Note

Ray 2.40 uses RLlib’s new API stack by default. The Ray team has mostly completed transitioning algorithms, example scripts, and documentation to the new code base.

If you’re still using the old API stack, see New API stack migration guide for details on how to migrate.

RLlib Utilities#

Here is a list of all the utilities available in RLlib.

Scheduler API#

RLlib uses the Scheduler API to set scheduled values for variables, in Python or PyTorch, dependent on an int timestep input. The type of the schedule is always a PiecewiseSchedule, which defines a list of increasing time steps, starting at 0, associated with values to be reached at these particular timesteps. PiecewiseSchedule interpolates values for all intermittent timesteps.
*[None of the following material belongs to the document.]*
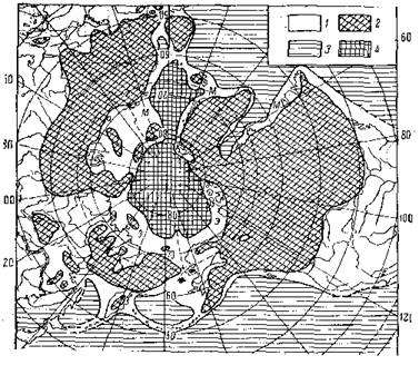 Рис. 2. Палеогеография северного полушария Земли в период максимального оледенения: 1 - суша, 2 – материковые льды, 3 – море, 4 – паковые льды, Э – Эоарктика, М – Мезоарктика В период самого большого оледенения южнее арктического сухопутного круга, т.е. на постоянной суше, северные части материков были покрыты ледовыми щитами до 3 км мощностью. Они занимали громадные площади, в частности всю Канаду (рис. 2). Имелся лишь один обширный проход между ледников – междуречье Енисей–Лена. Ледовые щиты окружала так называемая перигляциальная зона с изреженным растительным покровом из холодоустойчивых мелких растений. По выпуклым элементам перигляциальная зона простиралась на юг до Тибета, сплошь покрытого льдами. Однако на юге Сибири и в Монголии по долинам рек и в других понижениях рельефа в удалении от гор сохранялась лесная растительность. В Средней Азии она даже процветала, а на Дальнем Востоке пострадала меньше, чем в Сибири. В южных горных системах Азии, вплоть до Гималаев, достигших высоты 6 км и более, формировалось собственное оледенение, и альпийский пояс опускался до подножий гор, стыкуясь с перигляциальной зоной. Сформировавшиеся в высокогорьях виды растений получали возможность распространяться к северу по равнинам в тех экологических условиях, к которым они были приспособлены. Потом приходило тепло. Таяли ледники. Лесная растительность выходила из своих убежищ и быстро занимала равнины. Возникшие в горах виды вновь отступали в высокогорья и обосновывались там до следующего похолодания. Море затопляло и шельфы, и арктические ландшафты оставались лишь на островах да вдоль северных окраин суши. Но их флора успевала несколько обогатиться за счет тех высокогорных видов, которые успели за время похолодания достичь этих территорий. Начинался новый этап похолодания, и все повторялось: ледники росли, леса исчезали, шельфы осушались, высокогорные обитатели спускались с гор и расселялись по перигляциальным ландшафтам, продвигаясь к арктическому кругу суши, а также на юг, к Гималаям, Кавказу и другим горным странам. Выходя на пространства осушенных шельфов, многие виды преобразовались из-за суровости условий в новые, отличающиеся от родительских прежде всего миниатюризацией всех частей растения. Миграция новых видов, достигших Арктики по междуречью Енисей–Лена, вдоль северной окраины суши также происходила периодически и преимущественно на восток, поскольку на западе существовал ледяной барьер Северной Земли, который продолжался на материке смыкающимися ледниковыми куполами гор Бырранга и плато Путорана. Если вид успевал пересечь Берингию, то в очередной теплый период он «отиживался на горах Аляски и ее арктическом побережье. При следующем похолодании и образовании перигляциальной зоны на осушенных шельфах он продвигался далее до Атлантики и мог даже достичь по североатлантическому мосту Исландии. При очередном потеплении, когда мост погружался в океан, вид осваивал Исландию, а если не успевал до нее добраться, то переживал неблагоприятное для себя теплое время в горах и тундрах Лабрадора или Баффиновой Земли. Зато при следующем появлении моста он оказывался в Европе, где обычно снова застревал в горах Скандинавии до следующего похолодания. Затем растение продолжало свое шествие до Урала или даже до Таймыра, иног

The computed values are usually float32 types.

For example:

from ray.rllib.utils.schedules.scheduler import Scheduler

scheduler = Scheduler([[0, 0.1], [50, 0.05], [60, 0.001]])
print(scheduler.get_current_value())  # <- expect 0.1

# Up the timestep.
scheduler.update(timestep=45)
print(scheduler.get_current_value())  # <- expect 0.055

# Up the timestep.
scheduler.update(timestep=100)
print(scheduler.get_current_value())  # <- expect 0.001 (keep final value)

Scheduler

Class to manage a scheduled (framework-dependent) tensor variable.

Scheduler.validate

Performs checking of a certain schedule configuration.
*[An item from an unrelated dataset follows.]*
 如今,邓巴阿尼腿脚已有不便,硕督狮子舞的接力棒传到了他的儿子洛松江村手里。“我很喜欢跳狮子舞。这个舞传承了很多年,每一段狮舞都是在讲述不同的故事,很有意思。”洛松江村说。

Scheduler.get_current_value

Returns the current value (as a tensor variable).

Scheduler.update

Updates the underlying (framework specific) tensor variable.

Scheduler._create_tensor_variable

Creates a framework-specific tensor variable to be scheduled.

Framework Utilities#

Import utilities#

try_import_torch

Tries importing torch and returns the module (or None).

Torch utilities#

clip_gradients

Performs gradient clipping on a grad-dict based on a clip value and clip mode.

compute_global_norm

Computes the global norm for a gradients dict.

convert_to_torch_tensor

Converts any struct to torch.Tensors.

explained_variance

Computes the explained variance for a pair of labels and predictions.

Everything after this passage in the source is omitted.